On meditation

I have had a reflective Sunday today on the subject of meditation. I felt I just could not let it pass without doing one and it was a good and interesting experience. I am a strong believer in everything coming at the right time and today aligned intuitively with meditation subject, which also turned into some intuitive healing spell work, which I had sensed was on the cards last night. It took me on a long journey through very beautiful chakra colours. I had a meeting with the elements and crystals were pointed out in a way of integrating energies. Flowing, simple, incredibly soothing and perfectly aligned.

People talk about how meditation changes lives, removes fears and blocks, rids us of frustration and anxiety and so on. I wonder how interesting it is that by going within, which is essentially what meditation does, things become better. Why haven’t we always been going within, which would make the most sense to turn inwards for answers. It speaks loudly about our collective avoidance of ourselves, devaluing of our own resources and qualities. If it is a tool to know ourselves better. If that’s the case why doesn’t everyone do it?

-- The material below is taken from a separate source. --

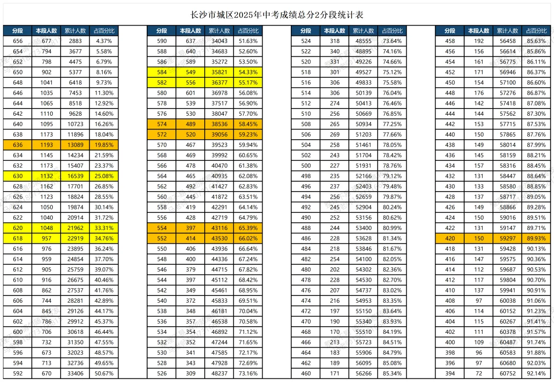 1. 避免“高分低录”“滑档”:长沙中考1分之差可能落后数百人,二分段表能看清分数密集区,帮你避开志愿扎堆,精准匹配目标校;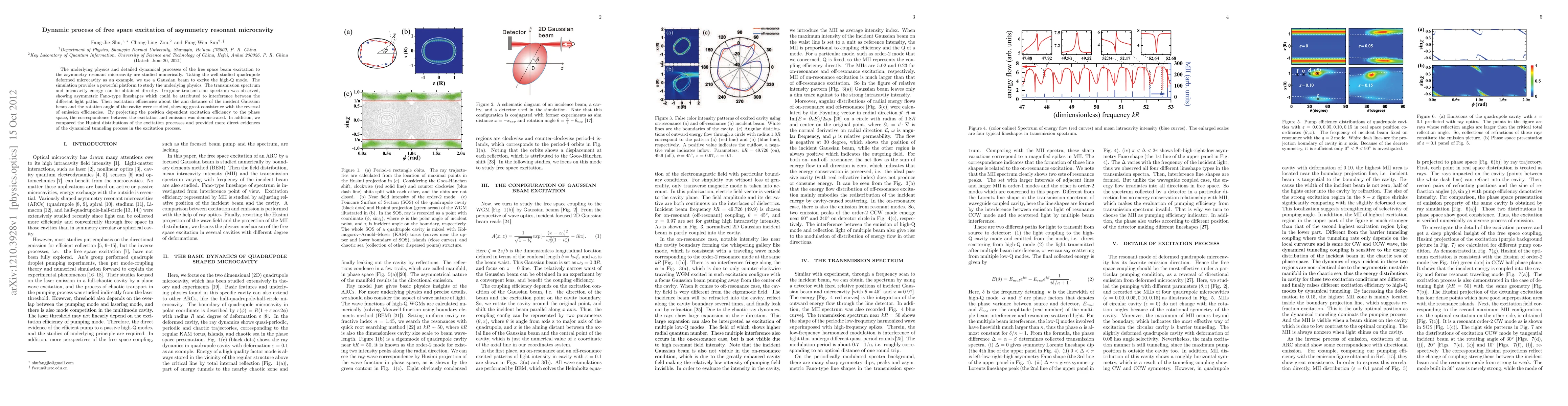This paper numerically investigates the dynamic processes of free space beam excitation in an asymmetry resonant microcavity, using a quadrupole-deformed microcavity as a case study. The study reveals irregular transmission spectra with asymmetric Fano-type lineshapes due to interference, and demonstrates the correspondence between excitation and emission efficiencies through phase space analysis.

External has dominated so many aspects of our lives for so long, concepts made up by men, rules of the society, ideas based on social conformity and abandonment of self, there is no wonder. It is incredible to think that we would turn away from the gold that lies ready and available within ourselves for the things that shine on outside, but have no depth or real value. It makes me very sad to think about it that way.

Meditation is going within, observing and honouring that breath that keeps us alive at all times. It is, indeed, powerful to notice our thoughts and patterns in which they come and go and most importantly where they go. We also notice how most of us don’t breathe, forget to breathe. We hold it, which creates all sorts of restrictions, blocks and anxieties within our bodies. We find sitting still difficult just as we find being alone difficult without external stimulation. Instead we aim to avoid and shut down. It is curious to imagine that it is easier to be without yourself than to be with yourself.

Meditation is a wide term for what your relationship is with yourself, it seems. We all can find our own way of meditating, practicing stillness and awareness. For me, it seems, meditation is just that being with myself as I am and where I am. Just there, present with all there is. Meditation can be done any time anywhere, as we speak, walk, sleep and sit with another. It is not just one way of relating to yourself, it is unique to each. For many years I was unable to meditate, afraid of what I would find within. That’s just it, it is that fear I referred to earlier of being with and avoiding is much more habitual. I suspect it is similar to many. I remember wanting to cry every time I sit in meditation, which was hard, so I would abandon and distract myself with other things rather than paying attention to what was asking me to be present. I also at times had some powerful meditations, which left me in wonder and distress at the same time. There was too much within for my external

self, adapted self to hold. Just think about that. We are proficient in being in our adapted selves positions yet our true self is hard to relate to. After years of therapy I am able to meditate and really understand what it means for me and what it does for me. It is once again an inclusion of the whole self just as it is, true and adapted, positive and negative, wounded and healed. As practice develops one becomes more curious, more at ease with experiences, feelings and lessons that come through sitting with oneself and in time it becomes soothing, comforting and full of wisdom. That wisdom that lies within each and every one of us is open and available if only we allow ourselves to go there and become aligned with what we were always meant to be.

Many blessings!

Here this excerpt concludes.